*What to do*
Could you output each line below precisely as it stands, without the images?

*Dataset content*
▶
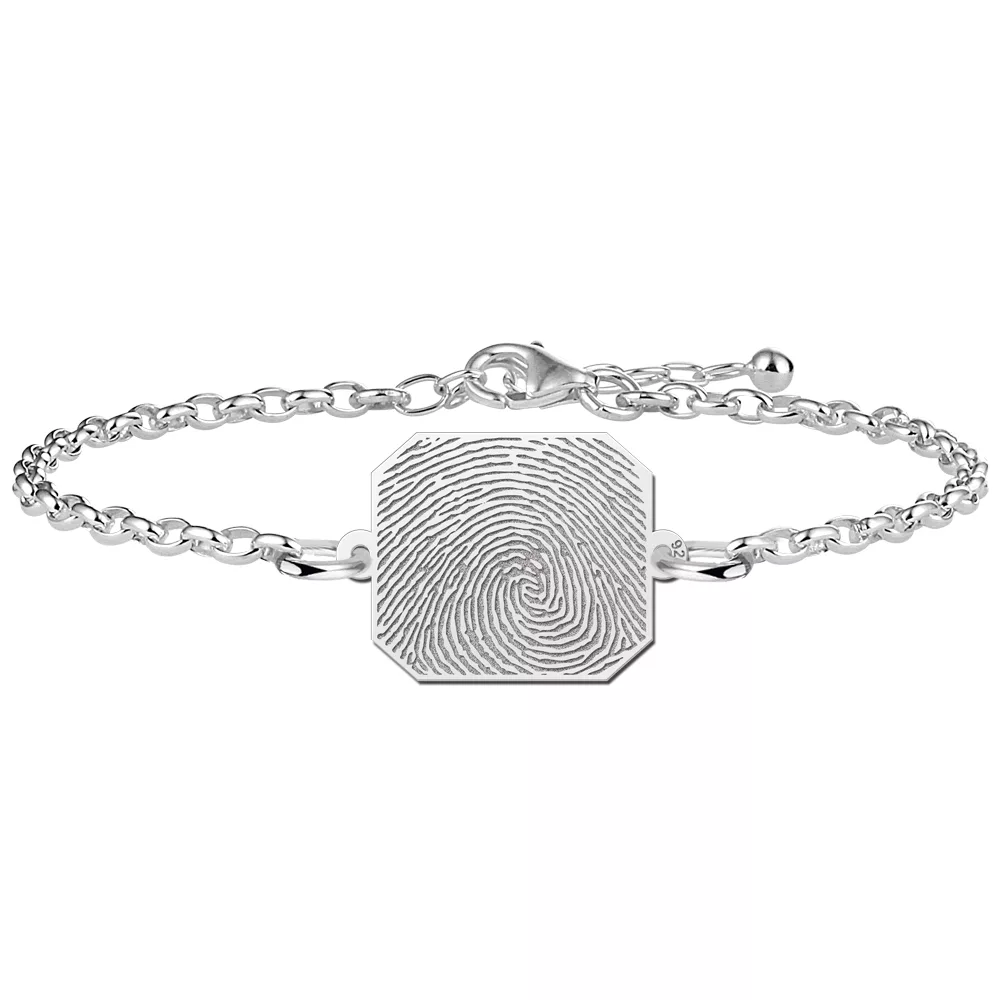 Prachtige armband met vingerafdruk met rechthoekige hanger. De hanger heeft een grootte van 16.5 mm x 15 mm en kan gegraveerd worden met elke vingerafdruk die je wenst. Zo is deze vingerafdruk armband een prachtig sieraad voor bijvoorbeeld de vingerafdruk van je overleden dierbare, vriend/vriendin of kindje. Kortom: een prachtig gedenksieraad, maar ook een mooie armband om je relatie mee te vieren.
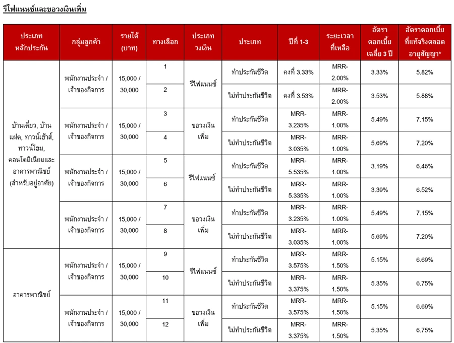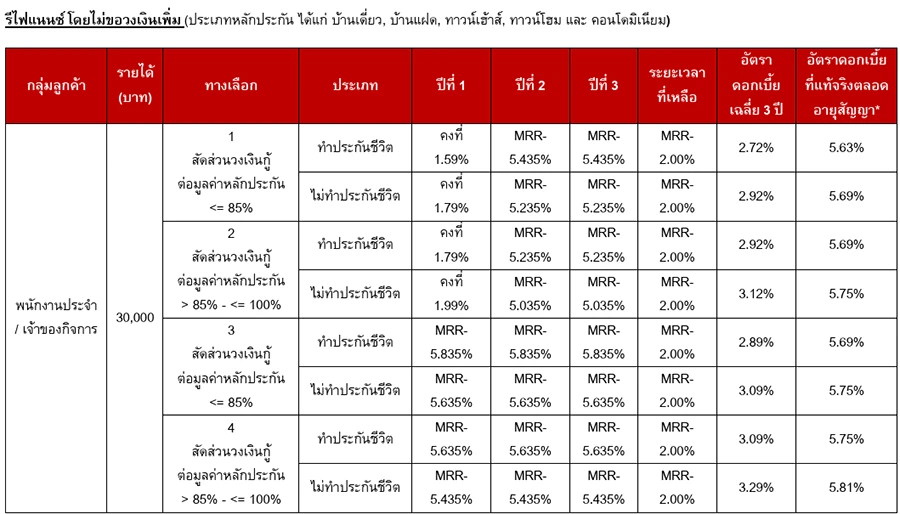 - อัตราดอกเบี้ยที่แท้จริง (EIR) สินเชื่อบ้านรีไฟแนนซ์ปัจจุบัน อยู่ระหว่าง 4.54% - 4.65% ต่อปี
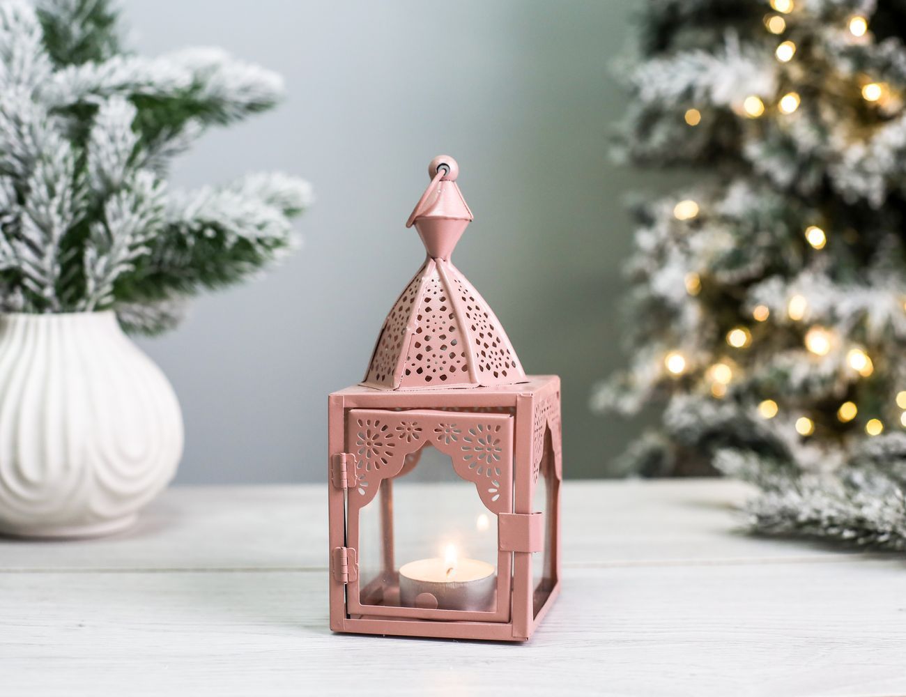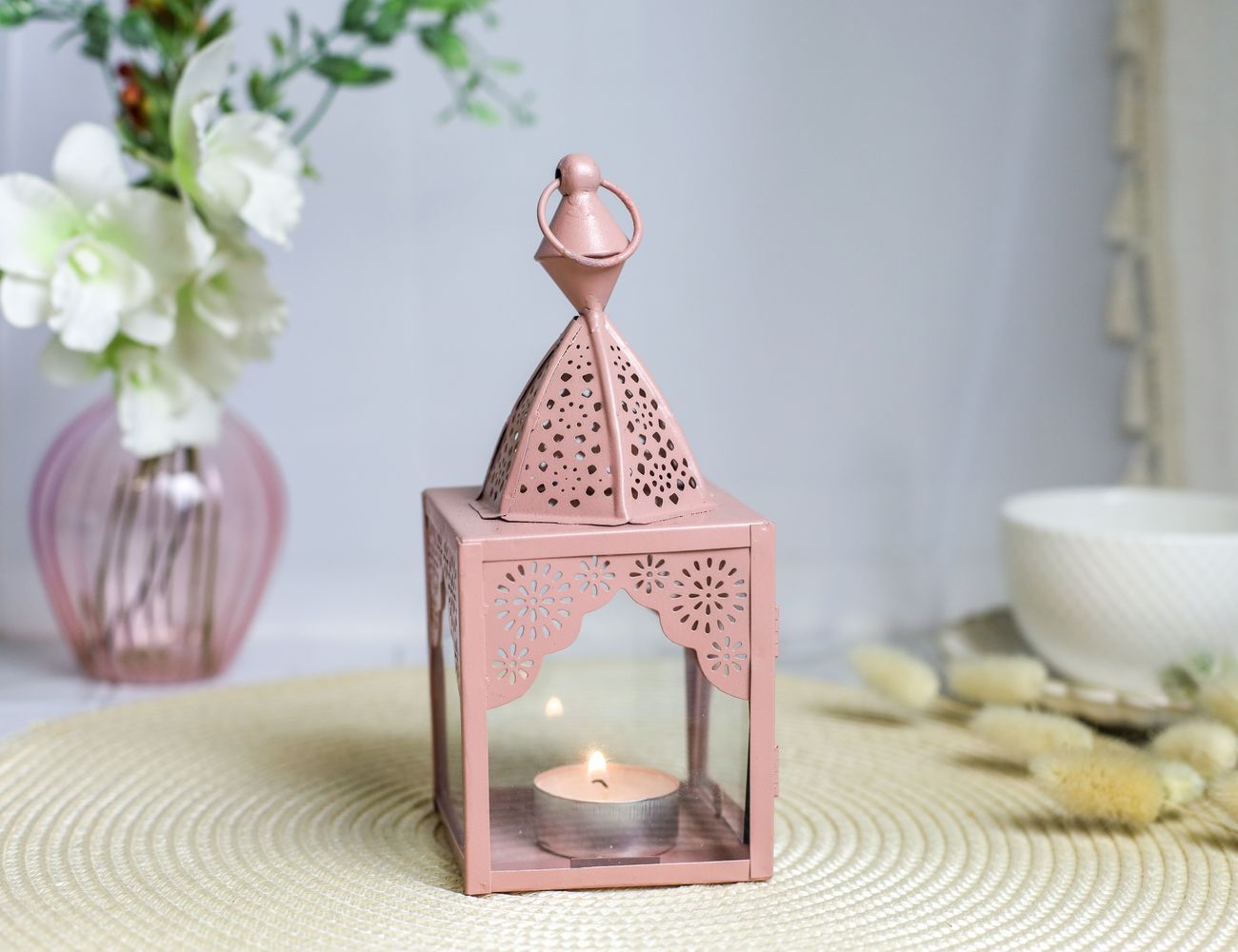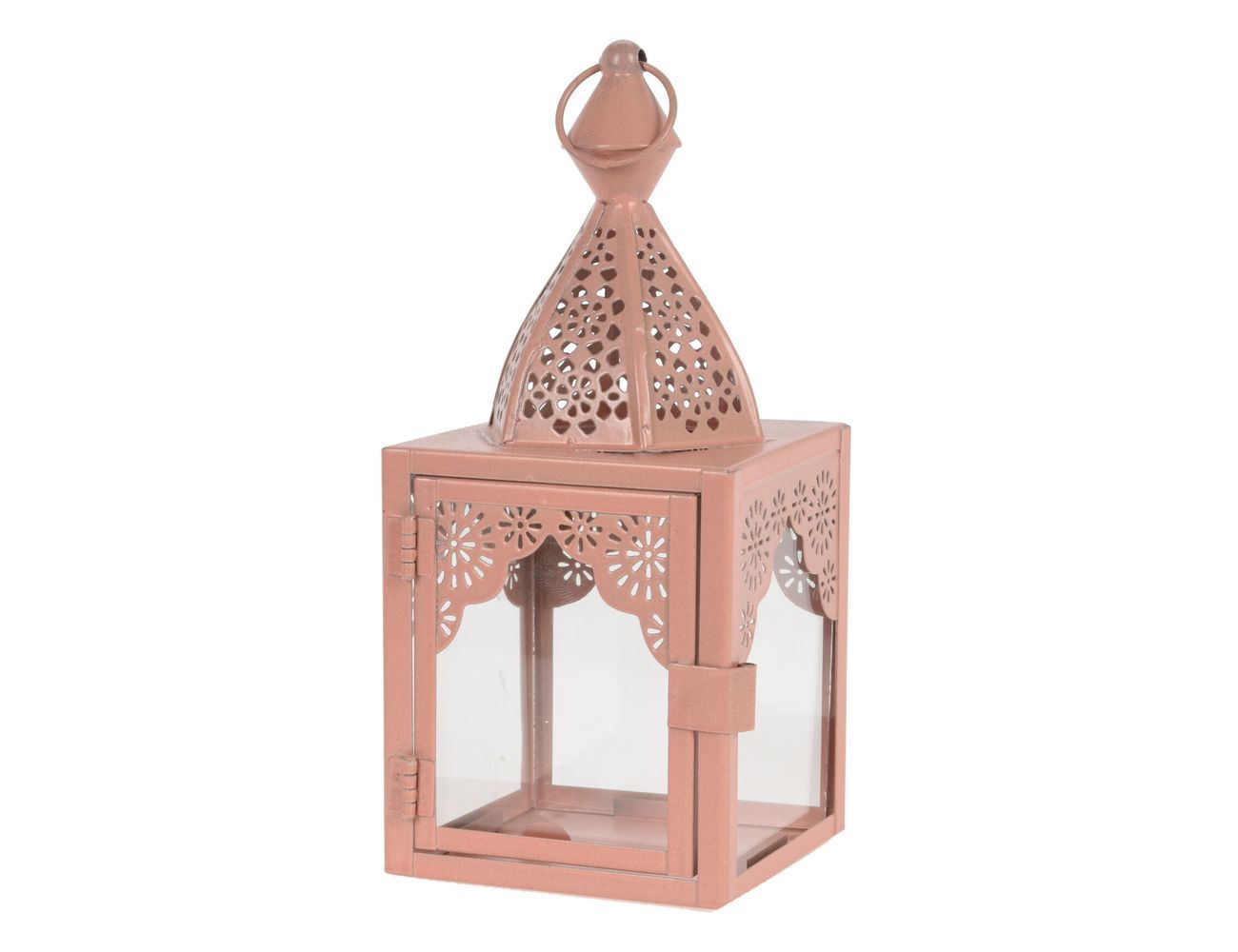Декоративный подсвечник-фонарь МАГРИБ, металл, стекло, розовый, 17 см
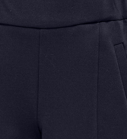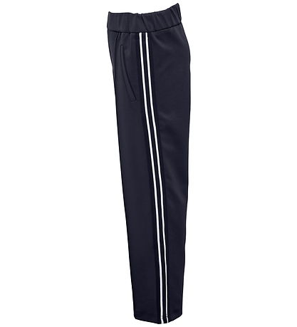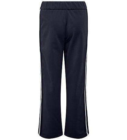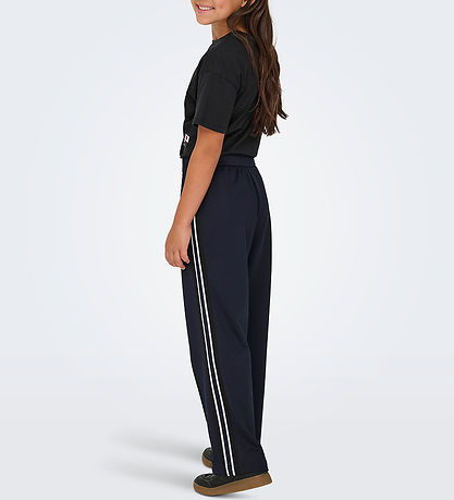 Superbe pantalon Kids Only bleu marine avec des rayures contrastées blanches et noires sur les côtés. Pantalons présente une coupe décontractée et des jambes larges. Il est doté d'une large à la taille élastique ajustable par des boutons à l'intérieur. Une poche de chaque côté et des coutures décoratives ornent le devant.
◀
*Answer to this exercise*
 Prachtige armband met vingerafdruk met rechthoekige hanger. De hanger heeft een grootte van 16.5 mm x 15 mm en kan gegraveerd worden met elke vingerafdruk die je wenst. Zo is deze vingerafdruk armband een prachtig sieraad voor bijvoorbeeld de vingerafdruk van je overleden dierbare, vriend/vriendin of kindje. Kortom: een prachtig gedenksieraad, maar ook een mooie armband om je relatie mee te vieren.
 - อัตราดอกเบี้ยที่แท้จริง (EIR) สินเชื่อบ้านรีไฟแนนซ์ปัจจุบัน อยู่ระหว่าง 4.54% - 4.65% ต่อปี
Декоративный подсвечник-фонарь МАГРИБ, металл, стекло, розовый, 17 см
 Superbe pantalon Kids Only bleu marine avec des rayures contrastées blanches et noires sur les côtés. Pantalons présente une coupe décontractée et des jambes larges. Il est doté d'une large à la taille élastique ajustable par des boutons à l'intérieur. Une poche de chaque côté et des coutures décoratives ornent le devant.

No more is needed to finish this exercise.